In the present embodiment, the mobile phone can equivalence replacement it is attached into the attached camera module of a mobile phone, tablet PC The camera module of category or a camera.

In the present embodiment, the bluetooth earphone can equivalence replacement into a wisdom wrist-watch, an intelligent glasses and any one tool There is the Wearable running gear of voice transmitting-receiving function.

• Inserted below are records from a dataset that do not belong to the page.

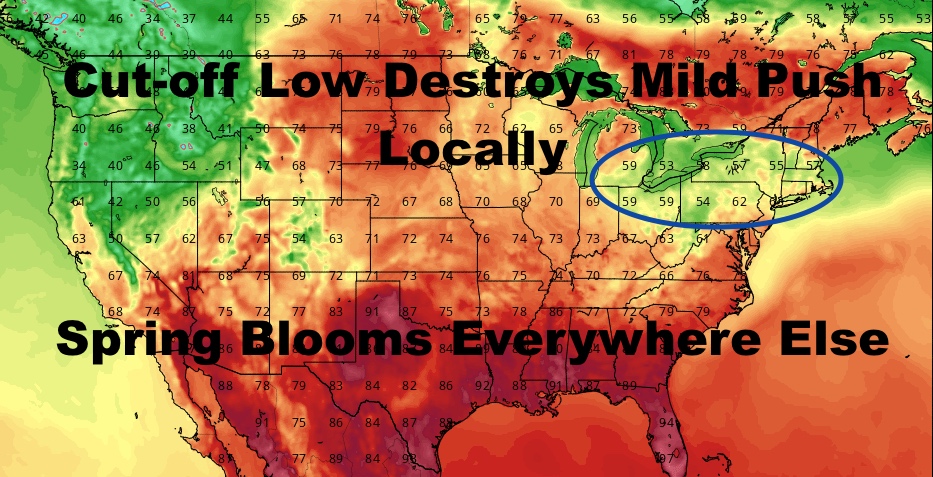 As that low begins to break down, things will relax and temps will be allowed to trek towards where we were supposed to be during this period. I think we break 70 on Friday, but clouds stick around and humidity creeps up.
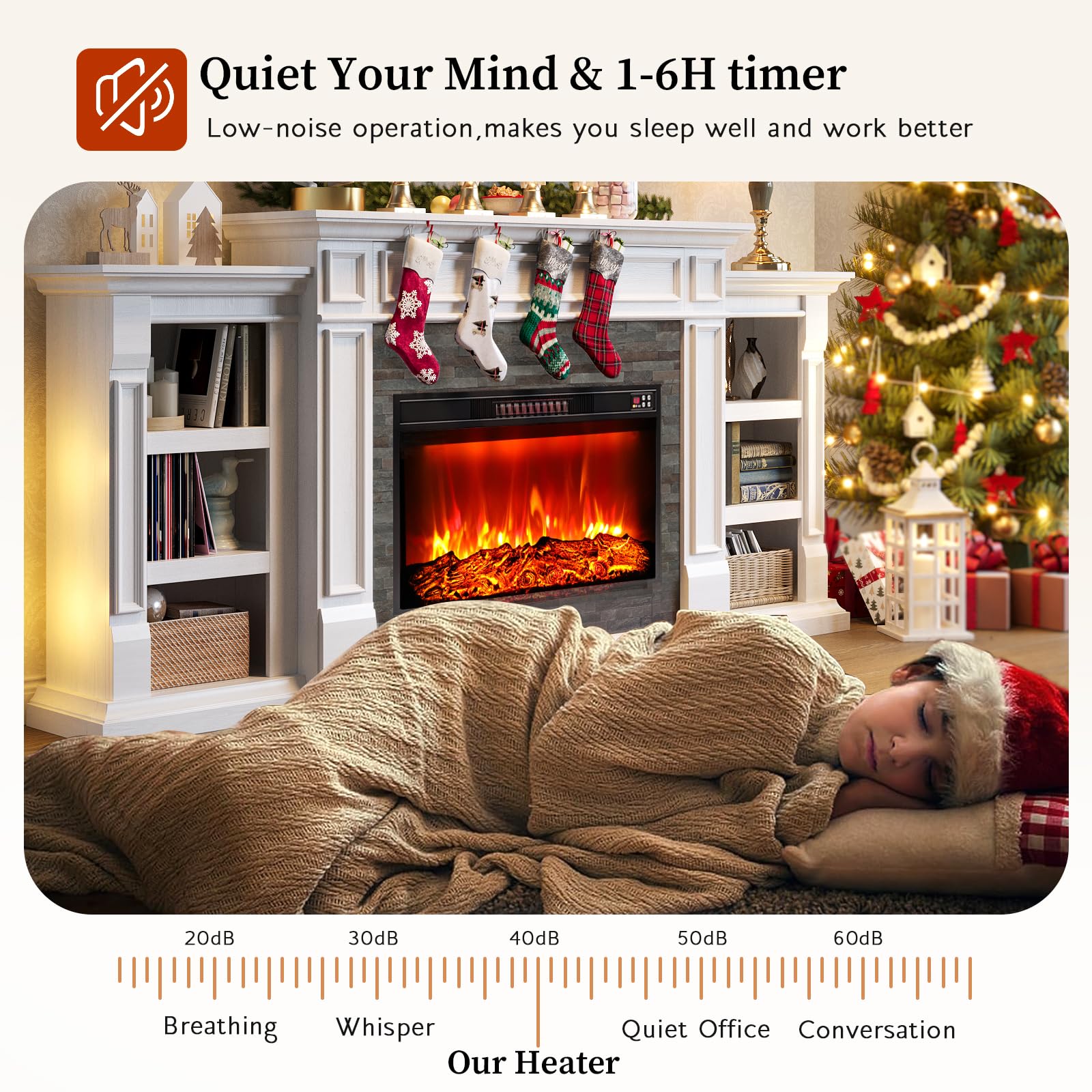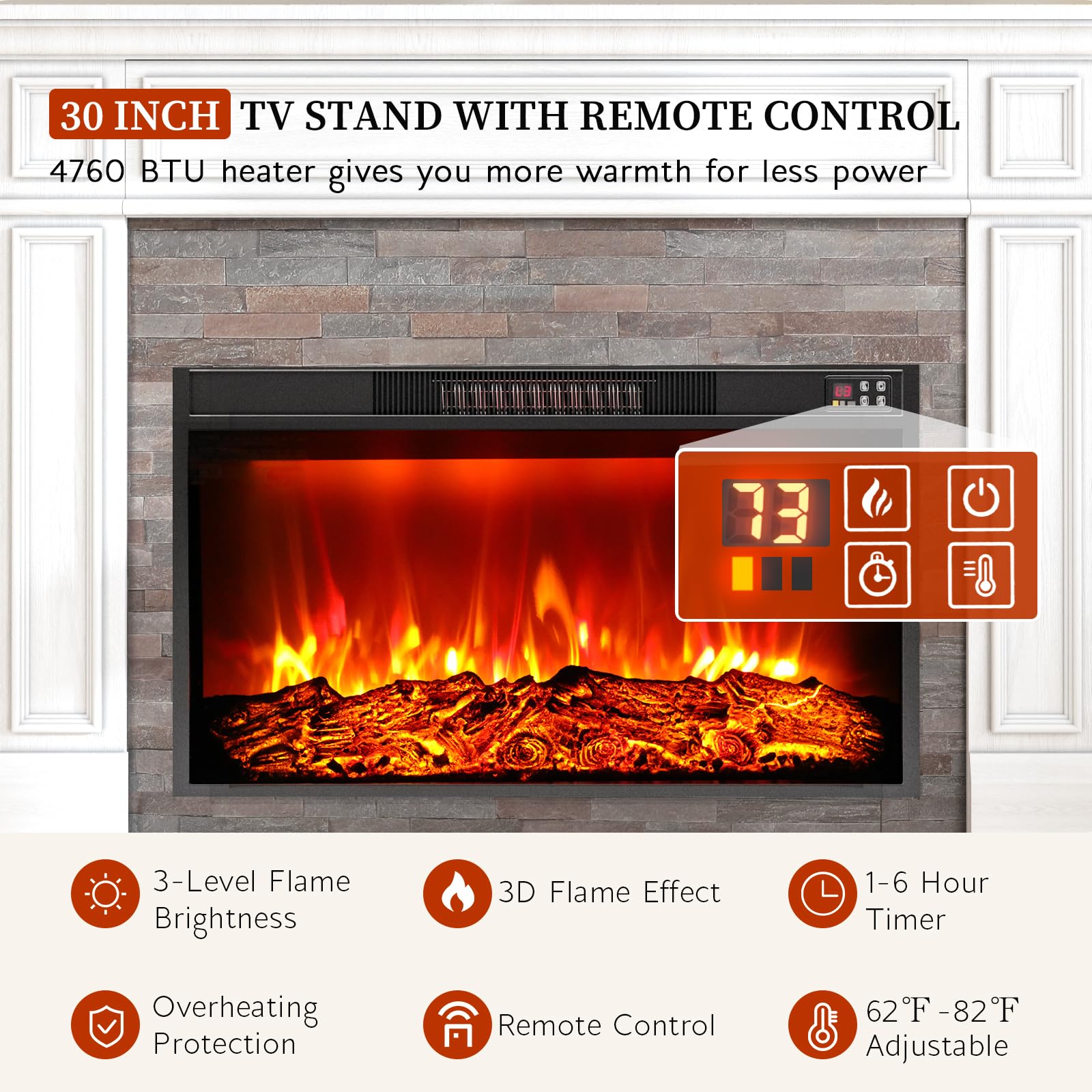 - 【30'' Electric Fireplace with Efficient Heating】With the efficient heating ability, the 1400W fireplace heater has a high power output of 5,000 BTU, warming up 400 square foot room for a constantly warm and comfortable environment.
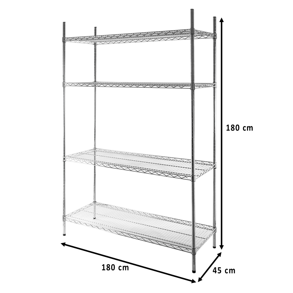 Regał druciany chromowany Mega-M 4-półkowy 180x45x180 cm
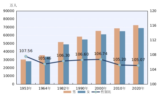 全国人口[2]中,男性人口为723339956人,占51.24%;女性人口为688438768人,占48.76%。总人口性别比(以女性为100,男性对女性的比例)为105.07,与2010年第六次全国人口普查基本持平。
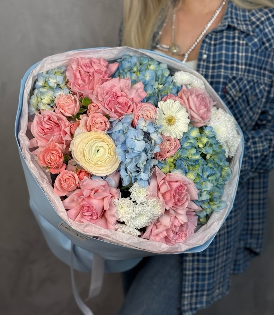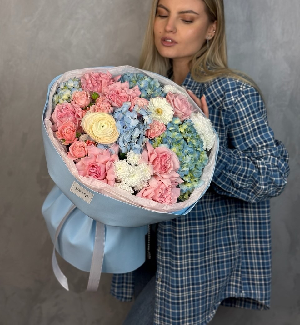 Этот нежный розово-голубой букет — настоящий символ утонченной красоты и спокойствия. Этот букет станет прекрасным подарком для особенного случая или милым акцентом для вашего интерьера, наполняя пространство атмосферой романтики и покоя.
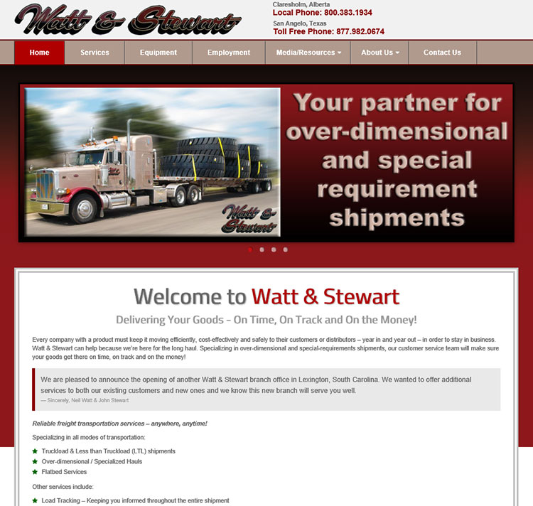 Watt & Stewart is a long haul trucking firm specializing in oversized freight. Situated in Alberta, Canada and Texas and South Carolina, United States.

The above, is only presently preferred embodiments of the present invention, and any pro forma restriction is not made to the present invention, though So the present invention is disclosed above with preferred embodiment, but is not limited to the present invention, any to be familiar with this professional technology people Member, in the range of without departing from technical solution of the present invention, when making a little change or modification using the technology contents of the disclosure above For the Equivalent embodiments of equivalent variations, as long as being the content without departing from technical solution of the present invention, the technical spirit of the foundation present invention Any simple modification made to above example and equivalent variations and modification, still fall within the scope of technical solution of the present invention It is interior.

Claims

1. a kind of method that image capture is triggered with speech sound signal, it is adaptable to mobile device, it is characterised in that including following step Suddenly：

One phonetic order signal is received by a voice transmitting-receiving module；

By a processing module according to the phonetic order signal, an image capture of the correspondence phonetic order signal is produced Order；And

By an image acquisition module according to the image capture order, image capture is carried out.

2. the method for according to claim 1 image capture being triggered with speech sound signal, it is characterised in that further include:

3. the method for according to claim 1 image capture being triggered with speech sound signal, it is characterised in that further include:

Using a storage module, the phonetic order signal is stored.

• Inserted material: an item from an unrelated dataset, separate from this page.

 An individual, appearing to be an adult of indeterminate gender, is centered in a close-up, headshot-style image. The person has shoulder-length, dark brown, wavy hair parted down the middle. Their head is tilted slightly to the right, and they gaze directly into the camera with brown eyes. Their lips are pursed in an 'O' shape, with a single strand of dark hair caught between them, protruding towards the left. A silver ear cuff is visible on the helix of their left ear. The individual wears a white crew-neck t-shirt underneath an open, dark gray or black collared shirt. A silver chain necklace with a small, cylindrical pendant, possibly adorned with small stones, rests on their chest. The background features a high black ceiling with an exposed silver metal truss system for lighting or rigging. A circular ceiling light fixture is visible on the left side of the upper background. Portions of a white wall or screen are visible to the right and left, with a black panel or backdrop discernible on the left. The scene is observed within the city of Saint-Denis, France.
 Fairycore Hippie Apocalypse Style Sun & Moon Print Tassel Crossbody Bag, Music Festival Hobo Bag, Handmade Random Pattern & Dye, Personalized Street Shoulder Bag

4. the method for according to claim 1 image capture being triggered with speech sound signal, it is characterised in that further include:By nothing The mode of line transmission connects the voice transmitting-receiving module and the processing module, or by being electrically connected with the voice transmitting-receiving mould Block and the processing module.

5. the method for according to claim 1 image capture being triggered with speech sound signal, it is characterised in that further include：

The matching of the phonetic order signal is carried out by an application program, and produces the image capture order.

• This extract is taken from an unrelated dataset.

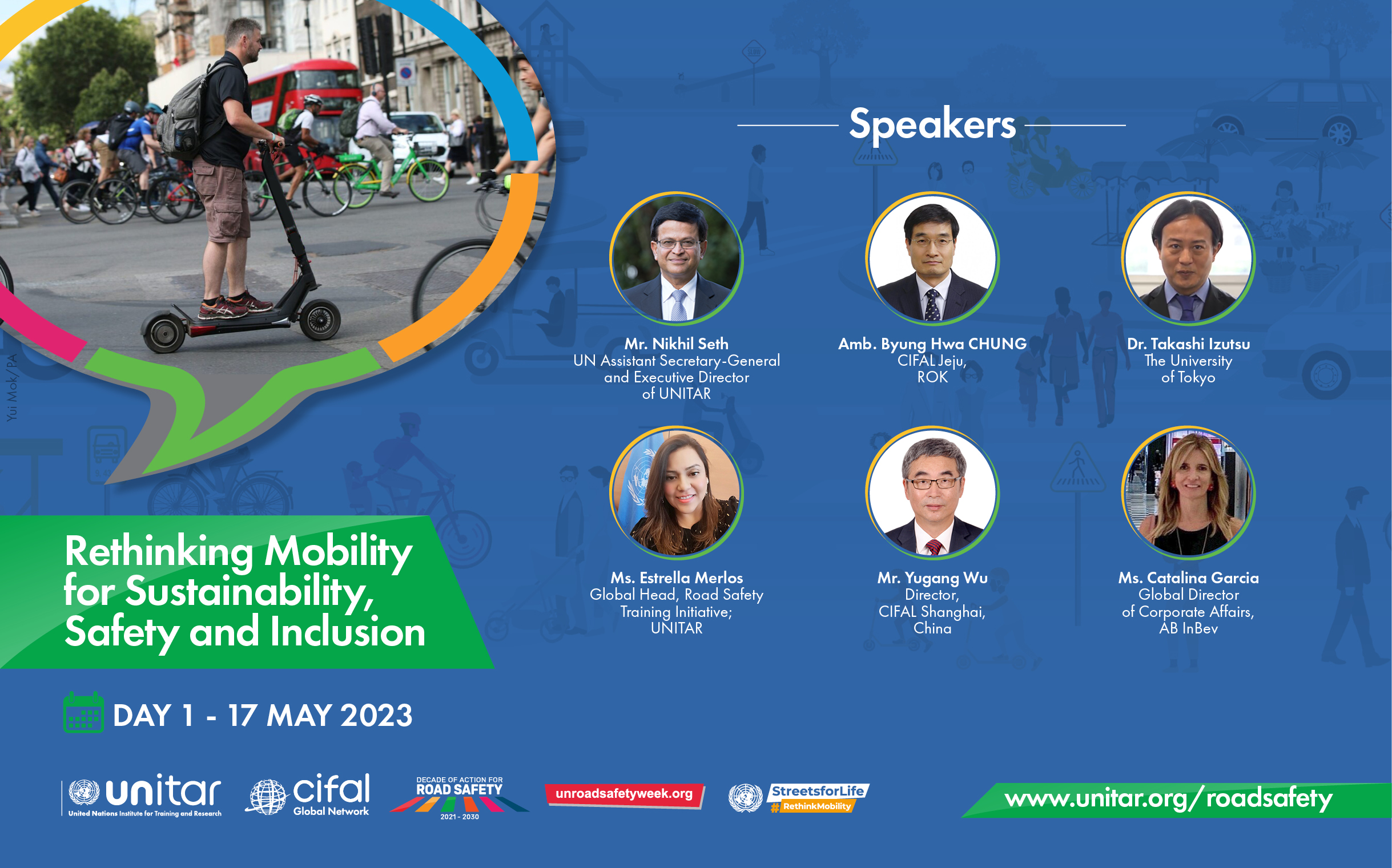 In line with the theme of Road Safety Week, “Rethinking Mobility: Sustainability, Safety and Inclusion, UNITAR and its Global Network of CIFAL Training Centres hosted two online dialogues on 17-18 May 2023 bringing together experts, road safety professionals, representatives from academia, public and private sector and civil society to share practical views and examples on how to make our cities safer, sustainable and inclusive. 125 participants from 64 countries across the globe took part in the events.

6. it is a kind of with speech sound signal trigger image capture system, it is characterised in that it is described with speech sound signal trigger image capture System include：

One voice transmitting-receiving module, receives a phonetic order signal；

One processing module, according to the phonetic order signal, produces the image capture life of the correspondence phonetic order signal Order；And

One image acquisition module, according to the image capture order, carries out image capture.

7. the system for according to claim 6 image capture being triggered with speech sound signal, it is characterised in that further include：Institute's predicate Sound transceiver module is a Bluetooth headset, a smart watch, an intelligent glasses or a wearable type row with voice transmitting-receiving function Dynamic device.

8. the system for according to claim 6 image capture being triggered with speech sound signal, it is characterised in that further include：One storage Module, stores the phonetic order signal.

9. the system for according to claim 6 image capture being triggered with speech sound signal, it is characterised in that further include：Institute's predicate Sound transceiver module is connected using the mode being wirelessly transferred with the processing module, or by being electrically connected with the processing module.

10. the system for according to claim 6 image capture being triggered with speech sound signal, it is characterised in that further include：One application Program carries out the matching of the phonetic order signal, and produces the image capture order.